• WHAT IS NEEDED:
Your reply should set down word for word each line below from the one with "Planning with the teacher training team." through the final line, both included, but none of the pictures.

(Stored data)
BEGIN

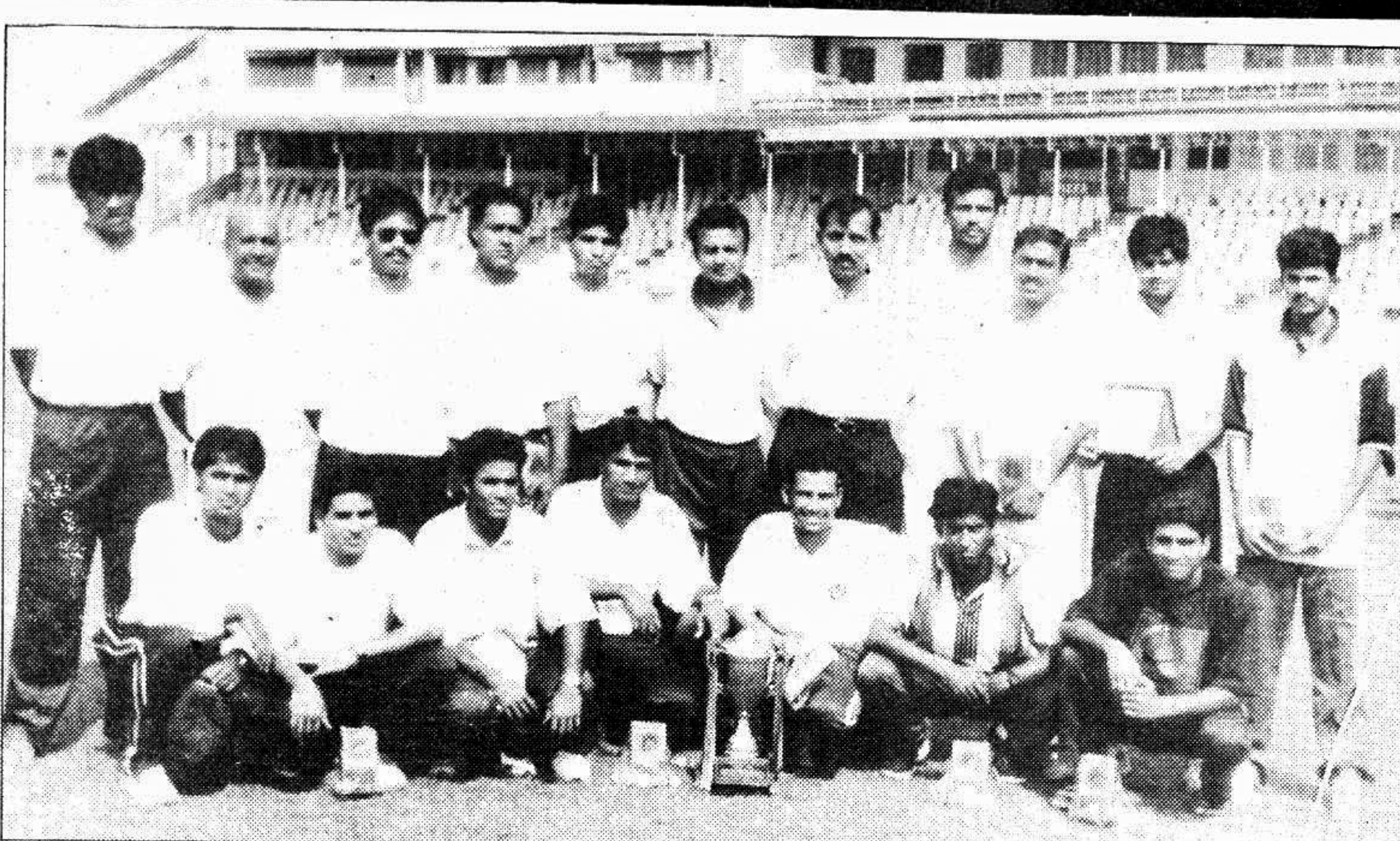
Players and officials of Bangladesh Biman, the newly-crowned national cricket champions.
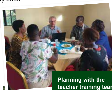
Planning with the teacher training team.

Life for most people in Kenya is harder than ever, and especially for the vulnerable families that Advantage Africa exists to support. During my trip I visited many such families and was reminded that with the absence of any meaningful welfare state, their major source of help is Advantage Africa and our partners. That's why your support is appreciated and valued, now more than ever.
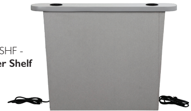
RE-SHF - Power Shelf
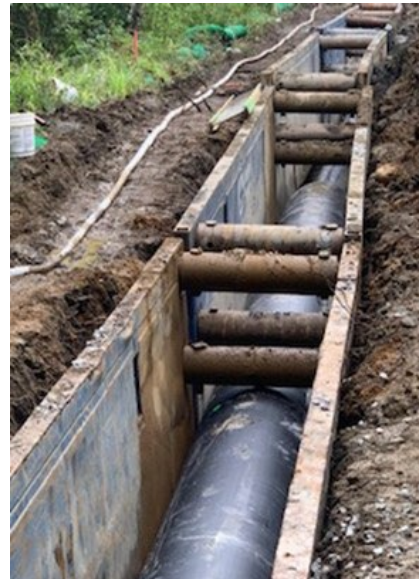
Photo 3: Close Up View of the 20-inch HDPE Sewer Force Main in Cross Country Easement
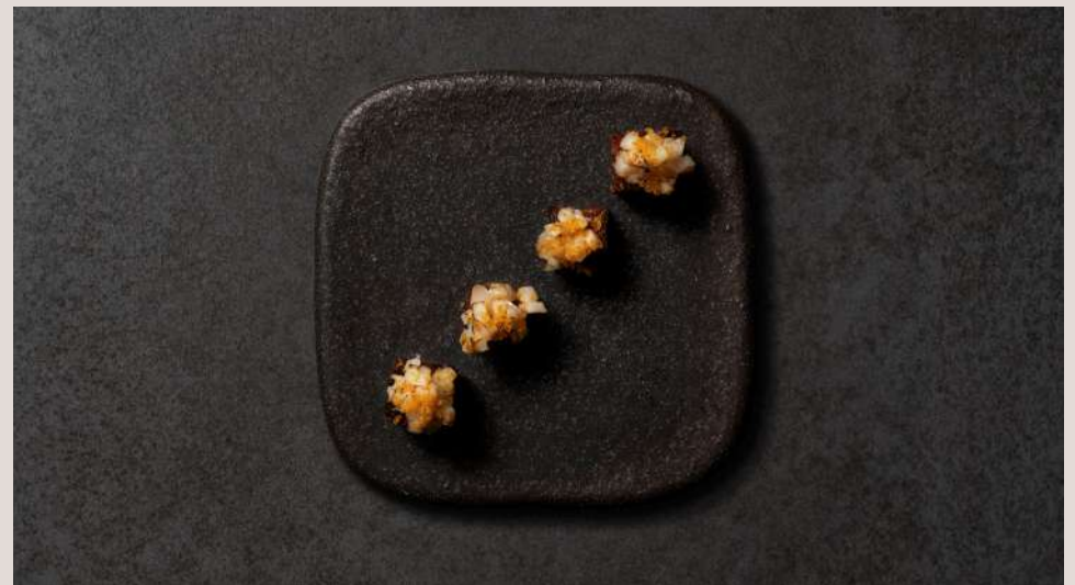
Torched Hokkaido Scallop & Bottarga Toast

END

• SOLUTION FOR THIS EXERCISE:
Planning with the teacher training team.

Life for most people in Kenya is harder than ever, and especially for the vulnerable families that Advantage Africa exists to support. During my trip I visited many such families and was reminded that with the absence of any meaningful welfare state, their major source of help is Advantage Africa and our partners. That's why your support is appreciated and valued, now more than ever.
RE-SHF - Power Shelf
Photo 3: Close Up View of the 20-inch HDPE Sewer Force Main in Cross Country Easement
Torched Hokkaido Scallop & Bottarga Toast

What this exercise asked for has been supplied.